For dual fluorescence imaging of GFP and mKate2, GBM1 SOX2-mKate2 clonal cells carrying the UbC-GFP reporter, were plated in a 4-compartment pre-coated glass bottom 35 mm dish (Greiner BIO-ONE, Cat# 627870). 22K cells per square centimetre were plated in one compartment and imaged after being kept in proliferating media for 7 days and 44K cells per square centimetre were plated in another compartment and imaged at the same time after being kept in quiescence media for 6 days (proliferation media was replaced by quiescence media 1 day post cell seeding). Time-lapse imaging was performed for a total of 70–90 h using a Zeiss LSM 880 Inverted Airyscan with a Plan-Apochromat 20×/0.8 M27 and a 1536 × 1536 or 1536 × 1024 format. Images were acquired every 20 min with z-stacking covering a 35.2 um depth. The fluorescent signals were collected on different tracks. For detection of GFP and mKate2 a 488 nm and a 594 nm laser were used for excitation and the emitted fluorescence was collected between 490–552 and 597–695 nm respectively. The fluorescent images were analysed using the Imaris imaging software (Bitplane) and individual cells were tracked using the Imaris “Spot” function to quantify the mKate2 and GFP fluorescence intensity signal over time.

Periodicity analysis

To estimate periodicity of the traces of SOX2-mKate2 expression we developed a MATLAB pipeline which made use of the Lomb-Scargle periodogram. This is an algorithm for detecting and characterizing periodic signals in unevenly sampled data45.

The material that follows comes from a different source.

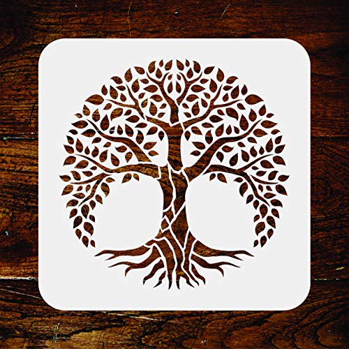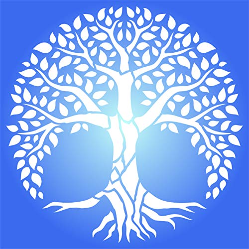 Stencil a forma di albero della vita, 35,5 x 35,5 cm (L) - Stencil da parete con albero del mondo mandala sacro
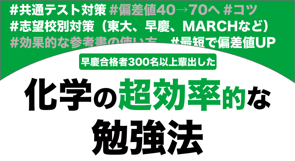 また志望校別の東大、京大、早稲田や難関大志望におすすめの化学の勉強法から実際にやってよかった化学の勉強法から共通テスト対策におすすめの化学の勉強法も解説します。

The steps used to develop our estimates were as follows: firstly, we detected a trend in each trace via a Gaussian-weighted average filter with a 24 h moving window, as we were focusing on fluctuations that have less than 24 h periodicity. We then subtracted this trend line from the raw data to obtain a new detrended trace, which was then fed into the “plomb” function that outputs the Lomb-Scargle power spectral density (PSD) estimate, sampled at the instants specified in an associated frequency vector.

The position of a spike in the X direction of this PSD estimate corresponds to the dominant frequency (1/period) at which the detrended data trace is oscillating. Conversely, more low and shallow outputs in the PSD suggests a lack of oscillatory behaviour in the trace. To provide an average periodicity estimate we used the “interp1” function to interpolate the different traces, such that time points within each trace were consistent and therefore comparable. This allowed for a mean PSD/frequency plot to be developed for both the proliferative and quiescent conditions. This was also done on GFP traces as a control. Cell traces with time duration shorter than 25 h and expression variance higher than 5× standard deviations from the mean were excluded. The excluded data accounted for 4% of overall data acquired in proliferation and less than 2% in quiescence conditions.

The code used to estimate periodicity can be found on https://github.com/Papalopulu-Lab/Fu2023.

Statistical analysis

Statistical analysis was performed using GraphPad Prism 10.0.3. A Shapiro–Wilk normality test was undertaken to determine whether a parametric or non-parametric statistical test should be used. When sample size was too small (i.e. n = 3), the distribution was judged based on the Normal QQ plots. The alpha level was set to 0.05. The statistical tests undertaken, the number of biological replicates, the sample size and p-values are reported in the relevant figure legends.